Ван Гульст поднял брови.

– Это моя жена, а даме не пристало присутствовать ЙЙГ заседании.

– Я знаю. Но я могу приглашать на заседания, кого хочу.

– Я пойду, – сказала Марион.

Барон взглянул ей прямо в лицо, как будто хотел уничтожить это первое непослушание. Но через минуту он опомнился и пожал плечами.

– Как вам будет угодно, – сказал он.

Привратник отворил дверь, и мы вошли. Мне бросилось в глаза огромное окно с цветными стеклами, на которых был изображен герб города. Вчера я смотрел, как в этом окне медленно умирал свет солнца, как будто он тонул в крови. Теперь стекло было освещено слабым утренним светом. На стенах, на полу, на лицах усталых, измученных от бессонной ночи советников, – везде лежал этот холодный серебряный свет нового дня, который еще ничего не знает о разыгравшихся накануне страстях. Холодно лежал этот свет на креслах, на столе, на перьях и бумагах перед секретарями, которые поднялись вместе с другими и бросали на меня полулюбопытные, полуиспуганные взоры.

Глубокое молчание воцарилось в зале, и на многих лицах ясно выразилось беспокойство. Я не мог видеть своего, но я знаю, что я бледен, как смерть. На мне было черное одеяние, и я чувствовал, что с бледным лицом и с ярко горящими глазами я мог представиться им ангелом мщения. Ван Гульст заключил со мной надежную сделку, но он ничем не оградил в ней других.

Я медленно поднялся к своему креслу. Тишина была такая, что я мог слышать даже шум своих шагов по мягкому ковру. Когда я сел, резко пробили часы. Было без четверти семь.

Потом опять настала тишина. Только извне долетал до моих ушей тихий, неясный гул, словно похожий на шум отдаленной реки. То просыпался город.

Встал ван Сильт и начал:

– Ваше превосходительство, мы глубоко сожалеем о том, что случилось вчера, и просим извинить нас. Мы ошиблись; но мы чувствовали свою ответственность за безопасность города, и поэтому мы поступили так, не имея каких-либо гнусных намерений. Мы верим, что вы простите нас.

– Чем же вы готовы искупить свою вину передо мной? – холодно спросил я.

– Совет уже просил вас о прощении.

– Это я слышал. Но прежде чем я дам вам это прощение, я желал бы знать, чем вы искупите вашу вину.

Ван Сильт устремил на меня глаза.

– Я полагал… – начал было он и остановился.

– Господин ван Сильт, – сказал один из членов совета, – простите меня, что я говорю, не дав вам кончить. Но мне кажется, что совет, прежде чем принимать какие-либо решения, должен быть точно осведомлен обо всем в этом деле.
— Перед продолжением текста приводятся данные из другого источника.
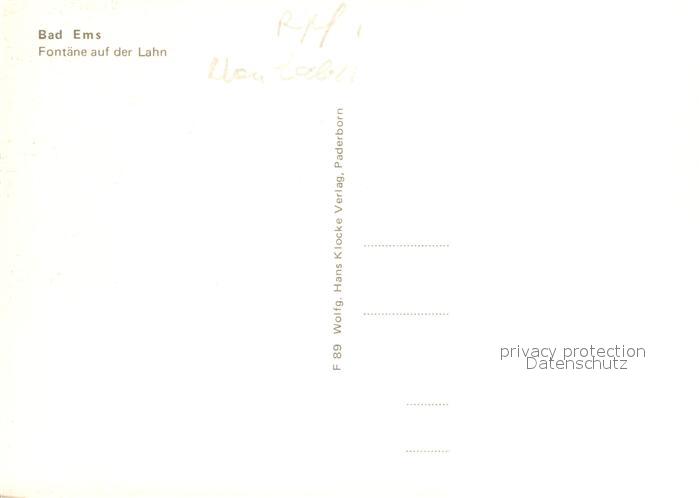 72933664 Bad Ems Fontaene auf der Lahn postalisch nicht gelaufen Erhaltung siehe scans [WerneD78] KatCode: 11110007141006

Мы уже слышали, что обвинения, предъявленные господину губернатору, оказались неосновательными, но мы не имеем никаких доказательств этого.

– Барон ван Гульст, не угодно ли вам доложить совету это дело, – сказал бургомистр.

Барон выступил вперед и вынул из кармана бумагу.

– Вот что я нашел в комнате графа ван Стинена, когда производил второй обыск. Это его ответ на письмо короля, и этот ответ освобождает господина губернатора от всяких подозрений.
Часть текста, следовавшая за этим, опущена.